Lalu akhirnya tiba waktunya untuk mencicipi ronde legendaris ini. Rasanya pas, tidak terlalu manis dan tidak terlalu pedas. Jika rasa adalah struktur, maka lembut rasanya cukup mewakili. Ah begitulah, saya tidak terlalu pandai mendeskripsikan rasa. Yang jelas saat itu adalah pertama kalinya saya merasakan enaknya ronde, sampai habis semangkok penuh.

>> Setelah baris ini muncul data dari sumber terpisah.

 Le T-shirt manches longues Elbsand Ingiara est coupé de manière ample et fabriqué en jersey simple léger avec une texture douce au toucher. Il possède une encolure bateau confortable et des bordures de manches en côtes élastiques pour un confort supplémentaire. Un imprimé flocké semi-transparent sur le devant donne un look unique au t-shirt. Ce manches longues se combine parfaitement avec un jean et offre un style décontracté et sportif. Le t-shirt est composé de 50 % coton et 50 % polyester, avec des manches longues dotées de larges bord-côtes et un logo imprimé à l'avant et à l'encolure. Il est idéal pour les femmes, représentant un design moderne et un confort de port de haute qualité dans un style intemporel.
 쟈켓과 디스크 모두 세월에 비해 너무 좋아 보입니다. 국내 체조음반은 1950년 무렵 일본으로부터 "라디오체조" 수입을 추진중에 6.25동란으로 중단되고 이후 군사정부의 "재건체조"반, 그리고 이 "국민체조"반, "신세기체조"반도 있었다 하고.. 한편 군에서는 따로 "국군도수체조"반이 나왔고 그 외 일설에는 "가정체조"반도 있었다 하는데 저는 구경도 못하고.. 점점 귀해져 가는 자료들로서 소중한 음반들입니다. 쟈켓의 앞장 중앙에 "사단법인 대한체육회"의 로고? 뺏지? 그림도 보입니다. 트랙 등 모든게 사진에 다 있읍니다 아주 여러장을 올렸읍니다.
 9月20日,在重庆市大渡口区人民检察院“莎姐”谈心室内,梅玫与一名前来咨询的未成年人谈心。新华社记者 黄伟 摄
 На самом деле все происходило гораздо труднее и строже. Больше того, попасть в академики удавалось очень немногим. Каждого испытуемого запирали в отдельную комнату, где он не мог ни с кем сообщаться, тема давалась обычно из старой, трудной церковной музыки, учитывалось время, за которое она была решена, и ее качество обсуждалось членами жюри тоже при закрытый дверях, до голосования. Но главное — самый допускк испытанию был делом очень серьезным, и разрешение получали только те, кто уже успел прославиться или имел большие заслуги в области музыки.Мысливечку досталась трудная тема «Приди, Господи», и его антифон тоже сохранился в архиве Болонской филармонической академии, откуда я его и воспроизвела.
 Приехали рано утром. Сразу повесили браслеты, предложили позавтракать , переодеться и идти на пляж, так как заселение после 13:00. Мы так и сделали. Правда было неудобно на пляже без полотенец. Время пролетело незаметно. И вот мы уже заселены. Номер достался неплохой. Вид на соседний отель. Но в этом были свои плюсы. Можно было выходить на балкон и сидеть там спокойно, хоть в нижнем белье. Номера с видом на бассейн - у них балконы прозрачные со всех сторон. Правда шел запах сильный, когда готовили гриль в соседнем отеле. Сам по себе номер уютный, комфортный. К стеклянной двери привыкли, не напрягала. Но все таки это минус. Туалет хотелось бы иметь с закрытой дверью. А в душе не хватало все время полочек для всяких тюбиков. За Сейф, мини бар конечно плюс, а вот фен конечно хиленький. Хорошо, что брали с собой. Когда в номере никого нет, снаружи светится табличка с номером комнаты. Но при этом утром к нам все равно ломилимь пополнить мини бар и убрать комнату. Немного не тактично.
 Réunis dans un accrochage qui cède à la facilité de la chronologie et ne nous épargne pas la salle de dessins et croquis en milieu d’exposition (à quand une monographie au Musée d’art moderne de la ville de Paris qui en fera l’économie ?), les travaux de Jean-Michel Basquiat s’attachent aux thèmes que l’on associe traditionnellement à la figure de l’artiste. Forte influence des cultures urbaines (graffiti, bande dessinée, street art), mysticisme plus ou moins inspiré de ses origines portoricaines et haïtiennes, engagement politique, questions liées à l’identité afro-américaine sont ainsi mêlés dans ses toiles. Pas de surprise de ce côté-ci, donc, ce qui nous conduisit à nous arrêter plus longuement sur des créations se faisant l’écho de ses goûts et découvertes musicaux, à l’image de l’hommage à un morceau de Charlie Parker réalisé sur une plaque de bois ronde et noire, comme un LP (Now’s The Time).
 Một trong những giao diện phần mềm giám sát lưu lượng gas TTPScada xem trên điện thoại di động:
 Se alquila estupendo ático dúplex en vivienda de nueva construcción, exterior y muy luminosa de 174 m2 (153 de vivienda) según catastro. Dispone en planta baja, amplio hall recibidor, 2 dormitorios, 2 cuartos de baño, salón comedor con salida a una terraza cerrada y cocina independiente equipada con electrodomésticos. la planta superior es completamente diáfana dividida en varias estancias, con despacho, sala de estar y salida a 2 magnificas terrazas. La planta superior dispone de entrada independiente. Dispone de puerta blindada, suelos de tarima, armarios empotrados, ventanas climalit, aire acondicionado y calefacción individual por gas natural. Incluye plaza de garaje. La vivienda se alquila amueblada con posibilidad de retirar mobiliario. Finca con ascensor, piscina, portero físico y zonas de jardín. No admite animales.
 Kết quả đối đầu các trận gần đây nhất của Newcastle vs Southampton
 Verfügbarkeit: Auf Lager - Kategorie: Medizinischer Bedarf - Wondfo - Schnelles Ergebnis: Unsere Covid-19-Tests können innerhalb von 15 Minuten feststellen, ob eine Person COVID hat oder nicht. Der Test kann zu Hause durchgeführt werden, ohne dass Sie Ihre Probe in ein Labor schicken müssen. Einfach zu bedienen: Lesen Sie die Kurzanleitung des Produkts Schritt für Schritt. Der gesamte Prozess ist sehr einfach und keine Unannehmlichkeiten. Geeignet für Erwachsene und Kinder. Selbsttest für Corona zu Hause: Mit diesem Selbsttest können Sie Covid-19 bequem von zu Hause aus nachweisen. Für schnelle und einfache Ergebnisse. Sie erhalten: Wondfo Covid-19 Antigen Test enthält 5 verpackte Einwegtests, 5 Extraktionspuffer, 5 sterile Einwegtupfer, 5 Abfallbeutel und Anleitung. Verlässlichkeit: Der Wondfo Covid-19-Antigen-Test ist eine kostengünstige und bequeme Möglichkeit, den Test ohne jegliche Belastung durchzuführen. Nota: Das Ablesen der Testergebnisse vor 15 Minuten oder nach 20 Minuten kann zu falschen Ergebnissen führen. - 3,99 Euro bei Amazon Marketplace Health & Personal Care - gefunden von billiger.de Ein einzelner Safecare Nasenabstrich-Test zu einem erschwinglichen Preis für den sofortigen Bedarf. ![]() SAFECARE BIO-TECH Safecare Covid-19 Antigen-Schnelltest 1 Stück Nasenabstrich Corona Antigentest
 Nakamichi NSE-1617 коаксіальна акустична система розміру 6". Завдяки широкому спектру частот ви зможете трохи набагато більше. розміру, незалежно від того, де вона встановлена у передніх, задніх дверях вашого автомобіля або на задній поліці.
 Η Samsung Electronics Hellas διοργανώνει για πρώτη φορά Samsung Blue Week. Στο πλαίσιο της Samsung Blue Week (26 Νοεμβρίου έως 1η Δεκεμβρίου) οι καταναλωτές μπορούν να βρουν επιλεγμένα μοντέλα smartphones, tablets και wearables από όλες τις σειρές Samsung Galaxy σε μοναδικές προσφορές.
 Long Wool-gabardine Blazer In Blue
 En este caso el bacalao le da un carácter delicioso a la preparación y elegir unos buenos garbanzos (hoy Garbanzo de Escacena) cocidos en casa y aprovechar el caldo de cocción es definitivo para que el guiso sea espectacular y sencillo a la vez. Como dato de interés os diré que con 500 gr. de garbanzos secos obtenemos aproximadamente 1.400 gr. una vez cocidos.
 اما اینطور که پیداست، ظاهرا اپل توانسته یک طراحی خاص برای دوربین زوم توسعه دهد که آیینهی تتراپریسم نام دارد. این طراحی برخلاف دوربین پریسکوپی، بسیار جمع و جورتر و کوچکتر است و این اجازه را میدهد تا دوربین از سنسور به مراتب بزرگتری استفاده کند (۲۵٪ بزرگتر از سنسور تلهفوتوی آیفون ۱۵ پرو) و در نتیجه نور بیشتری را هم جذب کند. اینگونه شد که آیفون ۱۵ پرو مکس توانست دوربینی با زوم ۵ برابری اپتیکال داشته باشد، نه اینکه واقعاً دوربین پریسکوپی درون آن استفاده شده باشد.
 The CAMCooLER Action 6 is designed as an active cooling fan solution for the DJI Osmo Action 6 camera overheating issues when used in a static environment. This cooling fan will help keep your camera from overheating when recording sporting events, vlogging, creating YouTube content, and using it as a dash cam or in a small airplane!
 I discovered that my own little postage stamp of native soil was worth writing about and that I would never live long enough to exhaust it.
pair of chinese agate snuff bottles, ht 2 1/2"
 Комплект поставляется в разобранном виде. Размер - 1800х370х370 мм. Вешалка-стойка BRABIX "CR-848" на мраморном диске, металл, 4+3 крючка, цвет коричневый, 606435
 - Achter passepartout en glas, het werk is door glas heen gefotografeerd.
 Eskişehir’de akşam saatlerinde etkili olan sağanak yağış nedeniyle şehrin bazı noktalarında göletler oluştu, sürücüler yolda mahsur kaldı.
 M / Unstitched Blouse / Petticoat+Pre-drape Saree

Wedang Ronde Mbah Paiyem ini buka mulai pukul 18.30 sampai dengan sekitar pukul 23.00. Namun kalau sedang rame bisa tutup lebih cepat. Setiap hari Mbah Paiyem biasa berangkat dari rumahnya di daerah Kadipaten Kulon dengan berjalan kaki bersama puteranya yang membantunya mendorong gerobak dagangan. Satu mangkok ronde dihargai lima ribu rupiah saja.

Saat itu waktu baru menunjukkan pukul sembilan malam, namun dagangan Mbah Paiyem sudah tinggal sedikit, bahkan ada beberapa bahan yang sudah habis. Mbah Paiyem sendiri sudah terlihat terkantuk-kantuk di kursinya. Sambil sesekali mengeluhkan punggung dan kepalanya yang pusing, “Geger e iki lho Mbak, lara tenan rasane. Ameh kukut wae bariki.” ujarnya sambil memijit-mijit punggung.

Saya dan teman saya seperti menangkap kode di balik curhat beliau. Kemudian langsung cepat-cepat menghabiskan mangkok di depan kami, membayar dan kemudian berpamitan. Meski sebenarnya masih ingin mendengar curhatan dan gerutuan Mbah Paiyem yang terdengar lebih seperti mengomel.

Jogjakarta, lewat kesederhanaan macam inilah kota ini terasa begitu istimewa.